A VISION by five ambitious Runcorn parents to create Halton's first free secondary school has reached a historic milestone.

Pupils and teachers have moved into an innovative £12 million building in Sandymoor, with space to accommodate 900 pupils aged 11 to 18.

The school opened two years ago in temporary premises and now has 176 pupils in years seven to 10 and 35 staff.

A sixth-form is set to be launched in September, 2015, and the school has pledged to share its facilities with the community.

Dad-of-two Richard Eastburn, aged 40, a sales and marketing director, of Sandymoor, and five of his neighbours have worked tirelessley to fulfill their goal.

The school was ranked 'good' in its first Ofsted inspection earlier this year with leadership and management hailed 'outstanding'.

He said: "We are very proud of what we have achieved. We wanted to have a secondary school in the heart of our community.

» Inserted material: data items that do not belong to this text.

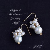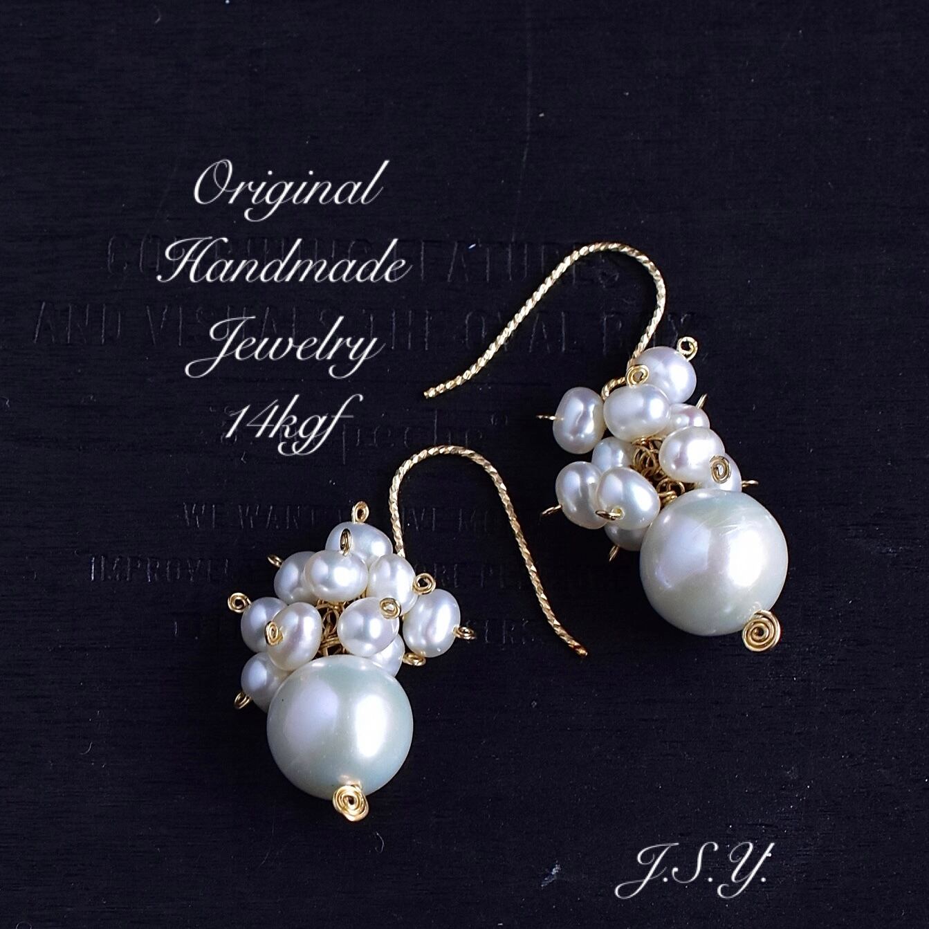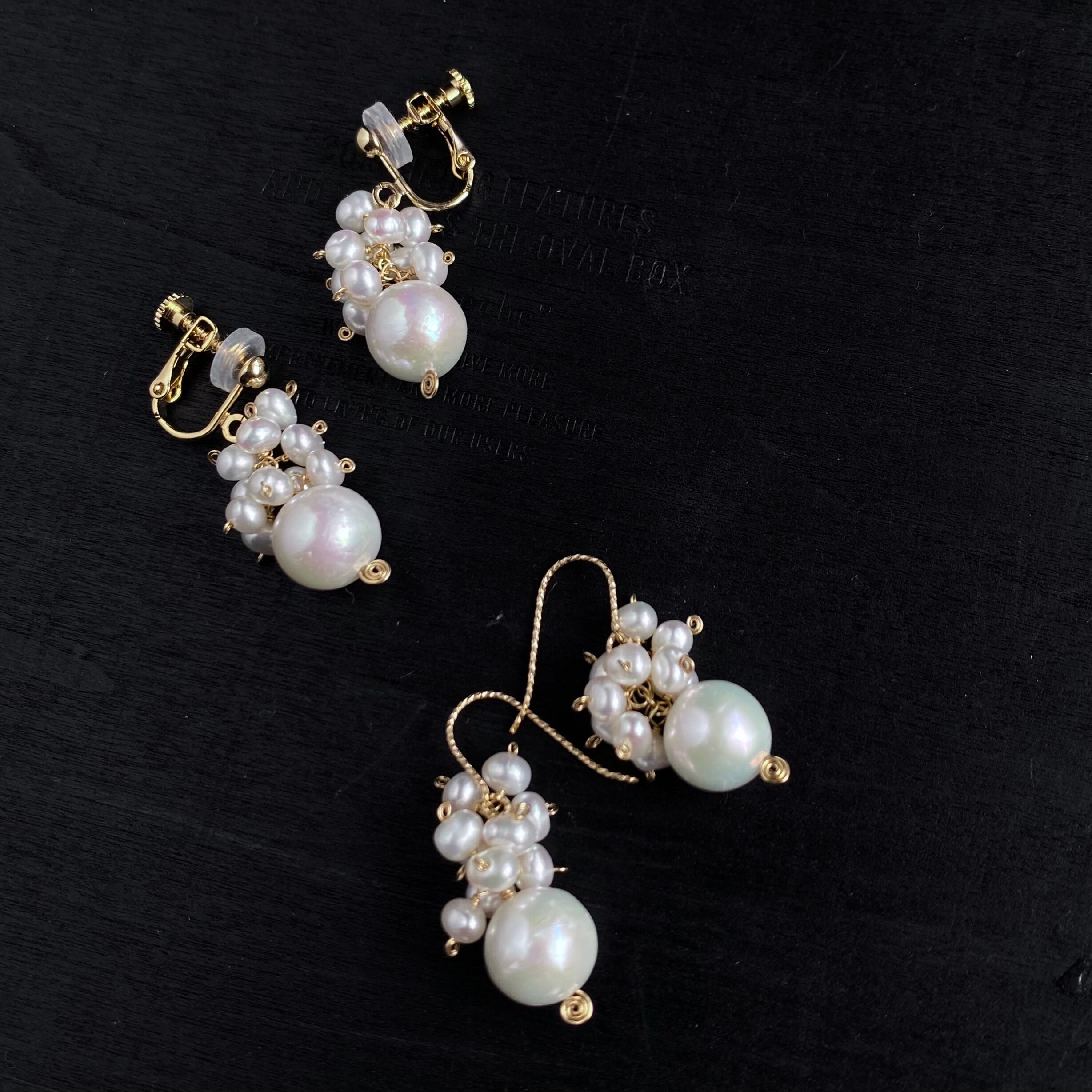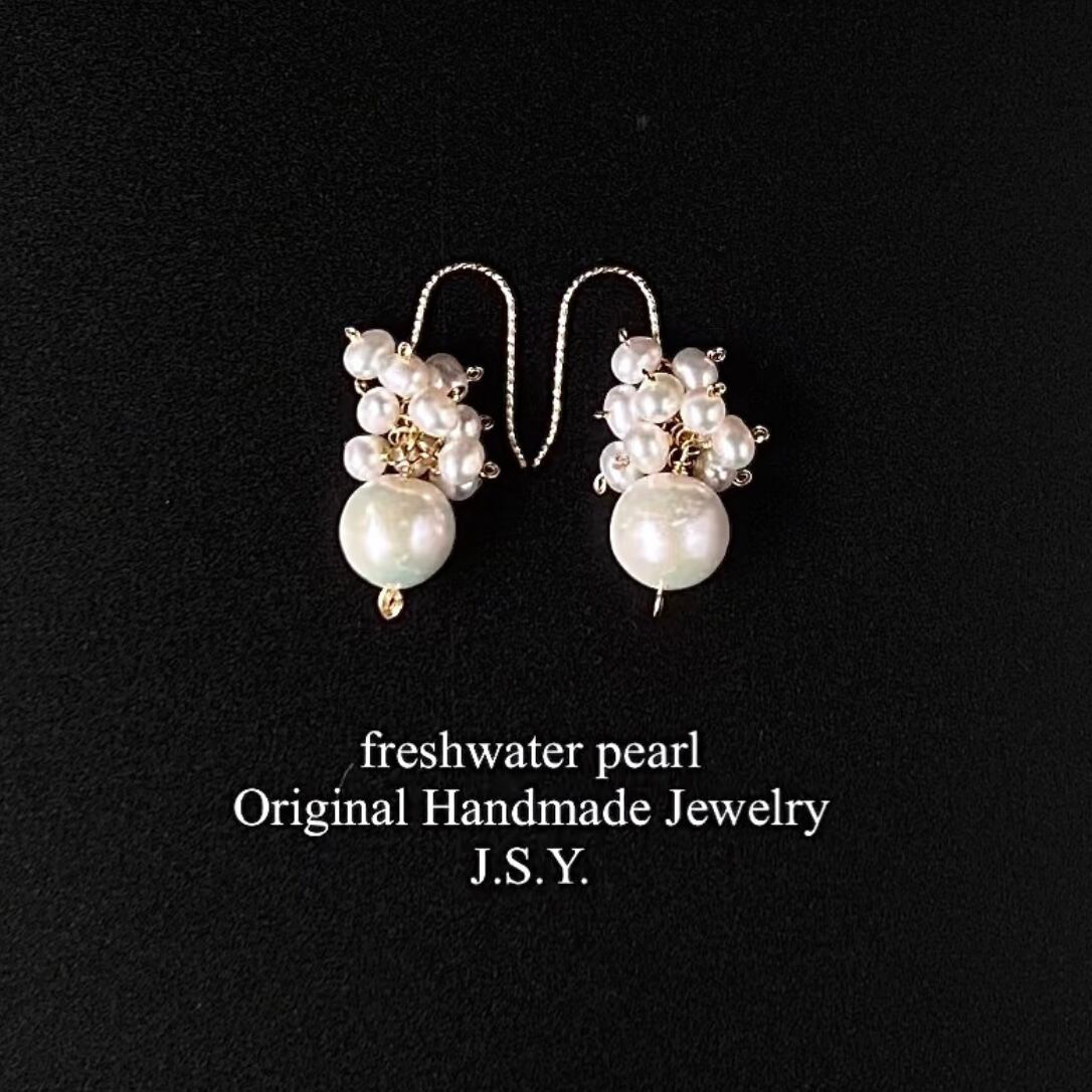 大粒淡水パールとつぶつぶパールのピアス(イヤリング)
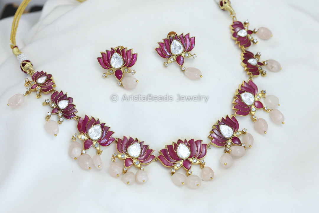 Ruby Jadau & Moissanites Lotus Necklace - Rose Quartz Drops
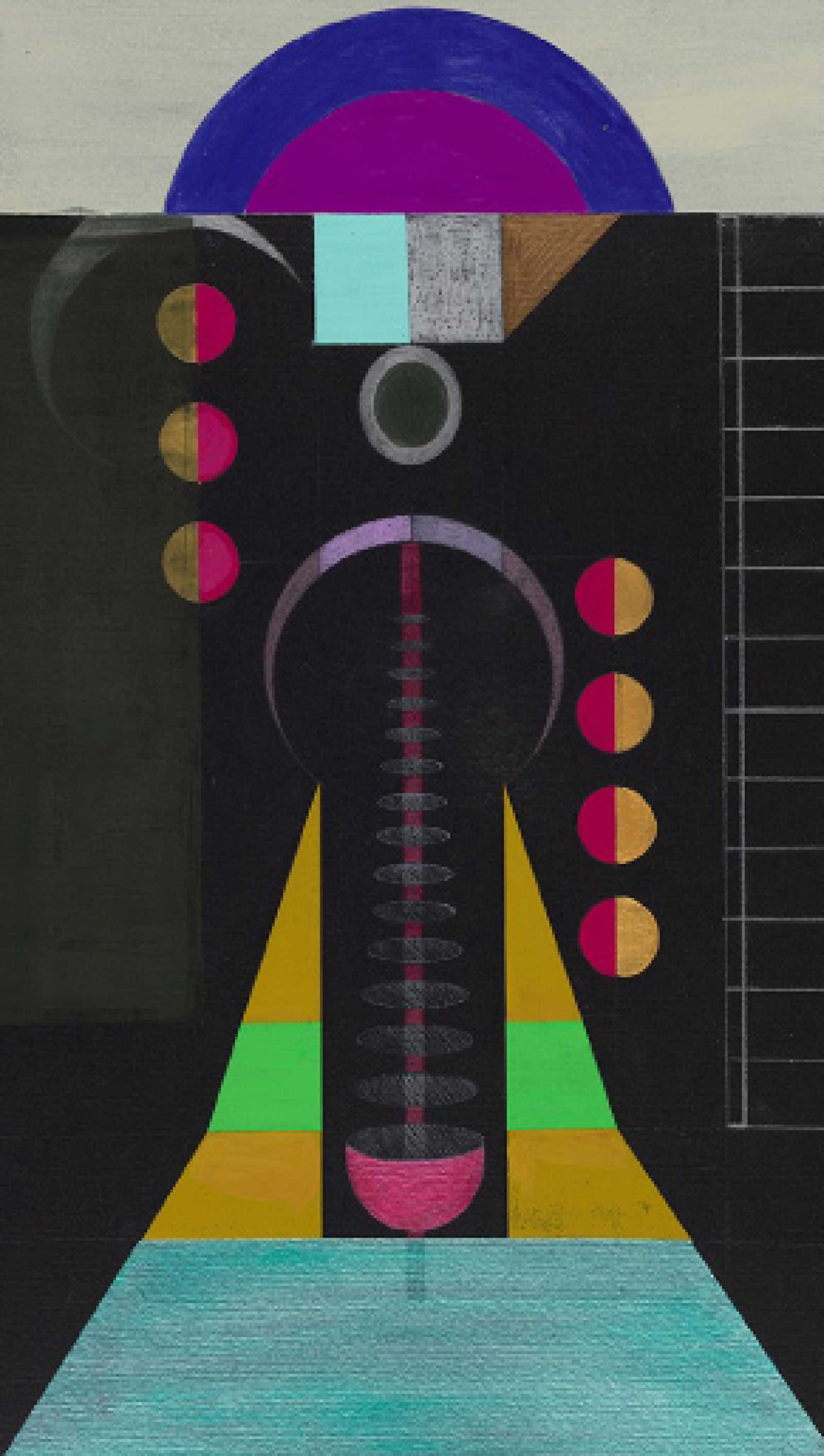 Hilma's Ghost, The High Priestess, 2021. Gouache, ink, and colored pencil on Fabriano Murillo paper, mounted on board, 17 × 9 3/4 in. (43.2 × 24.8 cm). Courtesy of the artists

"This will give increased choice of very high quality education to students in Halton.

"We have inspirational teachers, an inspirational building and an inspirational way of teaching pupils.

"Standing inside it brings on all the emotions of what we have gone through.

"It is absolutely amazing and was a true team effort.

Mr Eastburn and the other founder Sandymoor parents, Andrew Lockyer, Bryan Jones, Jonathan Snow and Jo Wakefield vowed to send their children to their school.

Jo's daughter, Grace, was the first to enrol on Tuesday.

Head teacher Andy Green-Howard, aged 45, a former physics teacher, quit as deputy head of Bolton Independent Day School to take up his post.

He said: "I did take a huge risk, giving up a safe, secure job, because I believe 100 per cent in this vision.

"This has been an opportunity in a million. It has been an amazing journey.

"People in national education will look at Halton and see us as a shining example of what education can be.

"In March, we had over 500 applications for four teaching posts which shows that we are now a school where people want to come and work.

"What is so invigorating and rewarding is that we have created a fresh approach to learning.

"We have become a beacon."

He said 70 per cent of pupils walk or cycle to school.

Children will grow fruit and vegetables in an organic allotment, learn how to keep bees and make honey.

Students will be encouraged to set up their own businesses and follow healthy lifestyles, served with freshly cooked food and drink throughout the day filling bottles from chilled water fountains.